Persoonia leucopogon
- Conservation status: Priority One — Poorly Known Taxa (DEC)

Scientific classification
- Kingdom: Plantae
- Clade: Tracheophytes
- Clade: Angiosperms
- Clade: Eudicots
- Order: Proteales
- Family: Proteaceae
- Genus: Persoonia
- Species: P. leucopogon
- Binomial name: Persoonia leucopogon S.Moore

= Persoonia leucopogon =

- Genus: Persoonia
- Species: leucopogon
- Authority: S.Moore
- Conservation status: P1

Species of flowering plant

Persoonia leucopogon is a species of flowering plant in the family Proteaceae and is endemic to Western Australia. It is an erect to low-lying shrub with branchlets that are densely hairy when young, narrow oblong to narrow elliptic leaves and yellow or greenish yellow flowers borne singly or in groups of up to four on a rachis up to 2 mm long.

==Description==
Persoonia leucopogon is an erect to low-lying shrub that typically grows to a height of 30–60 cm with branchlets that are densely covered with greyish to rust-coloured hairs when young.
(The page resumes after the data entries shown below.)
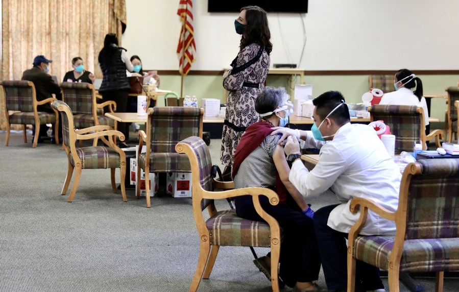 Residents receive COVID-19 vaccines in Pasadena, Los Angeles County, California, the United States, Jan. 15, 2021. (Xinhua)
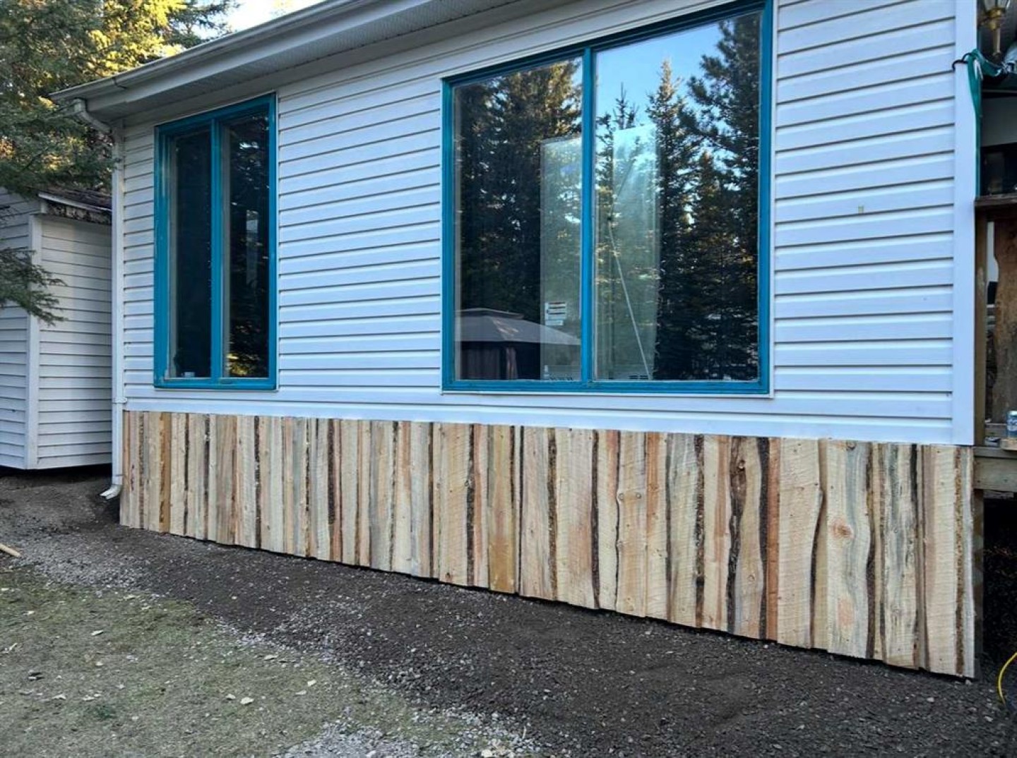 Storage shed, wood shed behind addition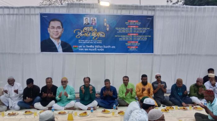 গোলাম কিবরিয়া পলাশ, ময়মনসিংহ ময়মনসিংহ সদর উপজেলার ৭নং চর নিলক্ষীয়া ইউনিয়নে বাংলাদেশ জাতীয়তাবাদী দল (বিএনপি) ও এর অঙ্গ-সহযোগী সংগঠনের উদ্যোগে এক দোয়া ও ইফতার মাহফিল অনুষ্ঠিত হয়েছে। সোমবার (৯ মার্চ)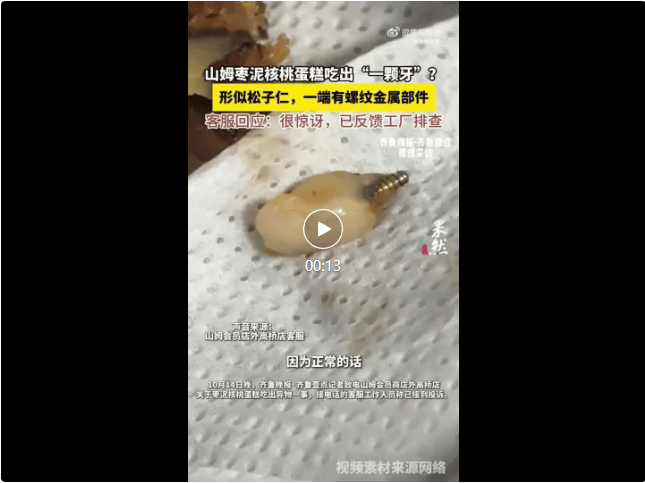 10月14日,有上海网友发布视频称,自己在上海的山姆会员商店外高桥店购买的枣泥核桃蛋糕中,吃出了一颗牙齿。视频画面显示,这颗牙齿状异物形似松子仁,一端有带螺纹的金属状部件。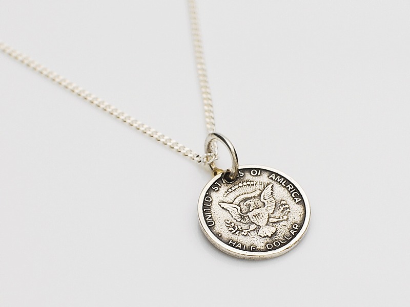 ◆1963年11月22日、第35代アメリカ合衆国大統領ジョン・F・ケネディはテキサス州ダラスにて、現地時間12時30分、狙撃にて暗殺される。翌年発行されたケネディが描かれた50C硬貨をモチーフにしたネックレス。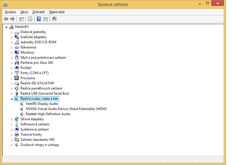Dej sem screen ze správce zařízení rozkliknutý na řadiče zvuku videa a her.
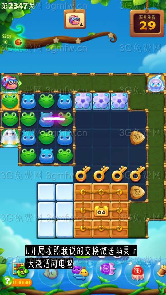 开心消消乐第2347关怎么打?开心消消乐是消除Q萌可爱的小动物们,将三个及以上相同颜色的小动物连成一条直线即可消除,老少皆宜!不会闯关的玩家快来看看G7小编带来的第2347关攻略吧!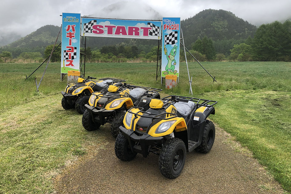 大草原の中で4輪バギーを楽しめます!初心者向けのコースと上級者向けのコースがあり、いずれも中学生・150cm以上の方が乗車可能です。※バギーは土日祝日のみ営業(雨天運休)受付10:00~15:30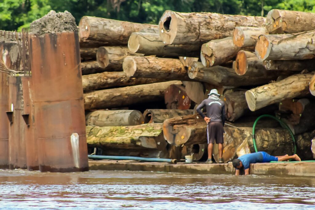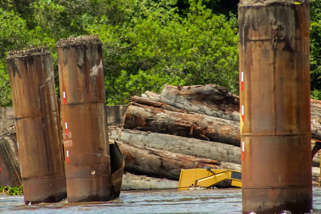 Balsa com madeira vira após bater em pilares de ponte inacabada sobre o rio Jari; Não há feridos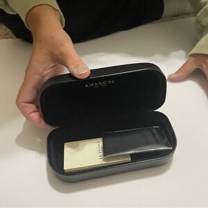 Coach Hard clam shell Black Glasses Case. Small marks on exterior, see pictures. Elegant black case by Coach. Ideal for eyewear protection. NWOT. Does have Coach card and eye glass wipe.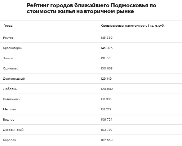 Городами с самым дорогим жильем оказались Реутов и Красногорск — здесь квартиру можно приобрести в среднем по цене 145 тыс. за "квадрат". Только в городе Дзержинский стоимость осталась на прежнем уровне — 103 тыс. за 1 кв. м, выяснили эксперты.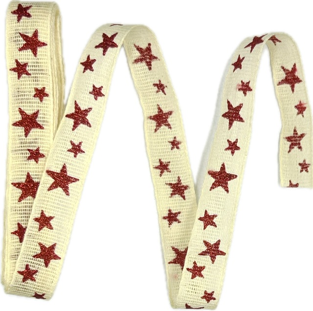 - Stuha vánoční lněná STAR GLOW CREAM krémová 15mm x 3,5m (6,- Kč/m)

The leaves are arranged alternately, narrow oblong to narrow elliptical, 7–15 mm long and 1.3–2.2 mm wide and twisted through 360°. The flowers are arranged singly or in groups of up to four along a rachis up to 2 mm long that grows into a leafy shoot after flowering, each flower on a pedicel 2.5–4 mm long. The tepals are yellow to greenish yellow, densely hairy on the outside, 8.5–10.5 mm long with yellow anthers. Flowering occurs from November to March and the fruit is a smooth, more or less spherical drupe.

==Taxonomy==
Persoonia leucopogon was first formally described in 1899 by Spencer Le Marchant Moore in the Journal of the Linnean Society, Botany.
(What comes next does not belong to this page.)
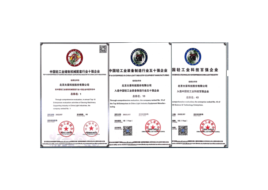 • 大豪科技荣获“中国缝制设备行业十强企业”(第1名),“中国轻工业装备制造行业五十强企业”(第10名),“”中国轻工业科技百强企业”(第43名)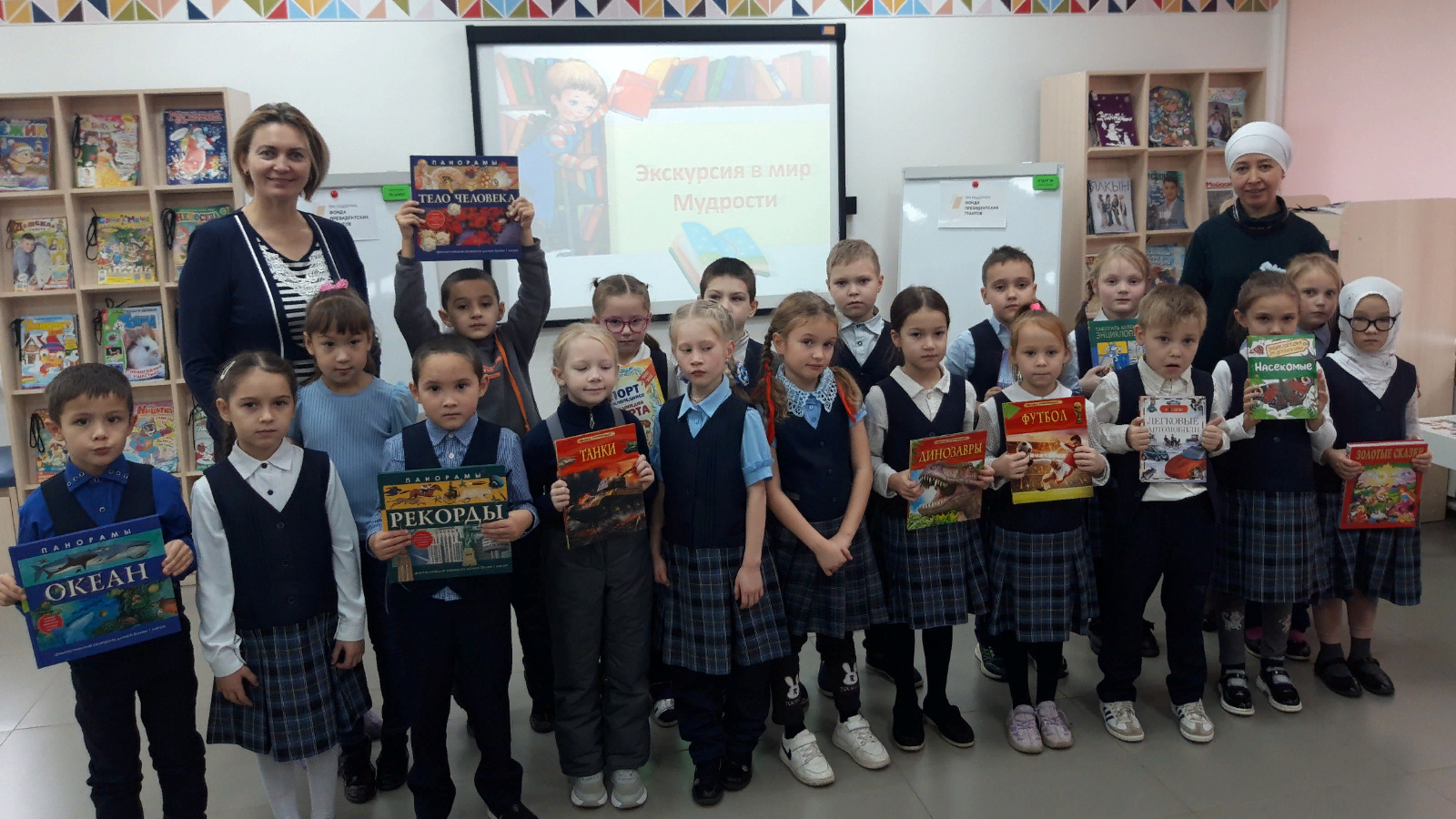 20 ноября библиотекарь центральной детской библиотеки имени С.В.Михалкова Гарифуллина Рамзия для учащихся 1б класса школы №4 провела библиотечный урок «Экскурсия в мир Мудрости». Ребята совершили увлекательное путешествие по книжной стране. Ребята познакомились с залами библиотеки, с новыми для них словами: абонемент, читальный зал, формуляр, стеллаж. Также они узнали, как найти нужную книгу, познакомились с правилами библиотеки, правилами обращения с книгой. Увлекательной для детей стала викторина по сказкам “В гостях у сказки”. С большим интересом рассматривали детские журналы и книги, отгадали загадки.

==Distribution and habitat==
This geebung usually grows in grows in heath but has only been collected at Bungalbin and at the type locality between Coolgardie and Laverton in the Avon Wheatbelt, Coolgardie and Murchison biogeographic regions.

==Conservation status==
This species is classified as "Priority One" by the Government of Western Australia Department of Parks and Wildlife, meaning that it is known from only one or a few locations which are potentially at risk.